Stored data.
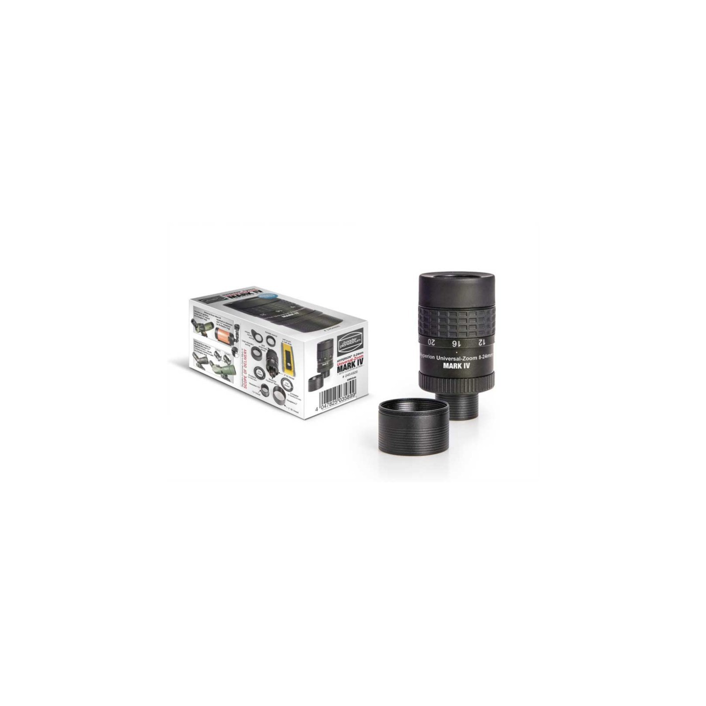 A quarta geração desta ocular pesa apenas 290 gramas (80 gramas mais leve do que a sua antecessora) - além disso, tem uma largura de 55 mm, o que a torna ideal para utilização com cabeças de binóculos.Mais importante ainda - a ocular Mark IV oferece quase mais 4 mm de retrofocagem. Este facto é benéfico para a utilização com a maioria das miras telescópicas. Muitos microscópios de observação permitem a fixação de oculares astronómicas de Ø 1¼" - mas na maioria dos casos esta combinação não permite a focagem até ao infinito. Ao utilizar o anel adaptador "A" incluído, a ocular Hyperion Zoom penetra quase 4 mm no suporte da ocular do telescópio, podendo assim focar até ao infinito. Removendo o suporte de Ø 1¼" e adicionando o anel "A", a ocular pode ser fixada de forma segura aos telescópios de observação da série Ultima Celestron. Também está disponível um adaptador de baioneta para os microscópios de observação Zeiss Diascope. A ocular também é fornecida com um anel espaçador adaptador "B" que evita que a base da ocular bata nos parafusos de montagem da ocular nos prismas zenitais. Um outro anel incluído é um anel SC de Ø 2" que permite fixar firmemente a ocular a qualquer rosca SC, nomeadamente ao prisma zenital clicklock de Ø 2", com a ajuda do anel de inversão Ø 2"/2" - M48.
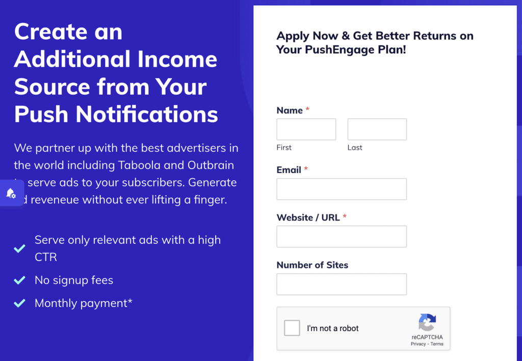PushEngage menyederhanakan proses permintaan monetisasi mereka dengan membuat formulir orientasi.
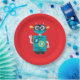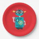 Adorable hand illustrated robot graphics make these birthday plates cool and fun!
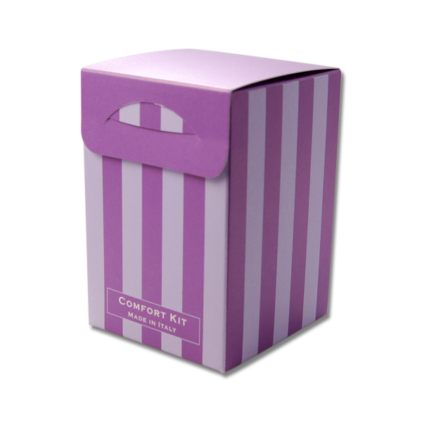 Elegante Box in cartoncino colore Provenzale, atto a contenere vari Amenities.

Exercise prompt. Without the pictures, repeat the listing word for word.

Result for this exercise.
 A quarta geração desta ocular pesa apenas 290 gramas (80 gramas mais leve do que a sua antecessora) - além disso, tem uma largura de 55 mm, o que a torna ideal para utilização com cabeças de binóculos.Mais importante ainda - a ocular Mark IV oferece quase mais 4 mm de retrofocagem. Este facto é benéfico para a utilização com a maioria das miras telescópicas. Muitos microscópios de observação permitem a fixação de oculares astronómicas de Ø 1¼" - mas na maioria dos casos esta combinação não permite a focagem até ao infinito. Ao utilizar o anel adaptador "A" incluído, a ocular Hyperion Zoom penetra quase 4 mm no suporte da ocular do telescópio, podendo assim focar até ao infinito. Removendo o suporte de Ø 1¼" e adicionando o anel "A", a ocular pode ser fixada de forma segura aos telescópios de observação da série Ultima Celestron. Também está disponível um adaptador de baioneta para os microscópios de observação Zeiss Diascope. A ocular também é fornecida com um anel espaçador adaptador "B" que evita que a base da ocular bata nos parafusos de montagem da ocular nos prismas zenitais. Um outro anel incluído é um anel SC de Ø 2" que permite fixar firmemente a ocular a qualquer rosca SC, nomeadamente ao prisma zenital clicklock de Ø 2", com a ajuda do anel de inversão Ø 2"/2" - M48.
PushEngage menyederhanakan proses permintaan monetisasi mereka dengan membuat formulir orientasi.
 Adorable hand illustrated robot graphics make these birthday plates cool and fun!
 Elegante Box in cartoncino colore Provenzale, atto a contenere vari Amenities.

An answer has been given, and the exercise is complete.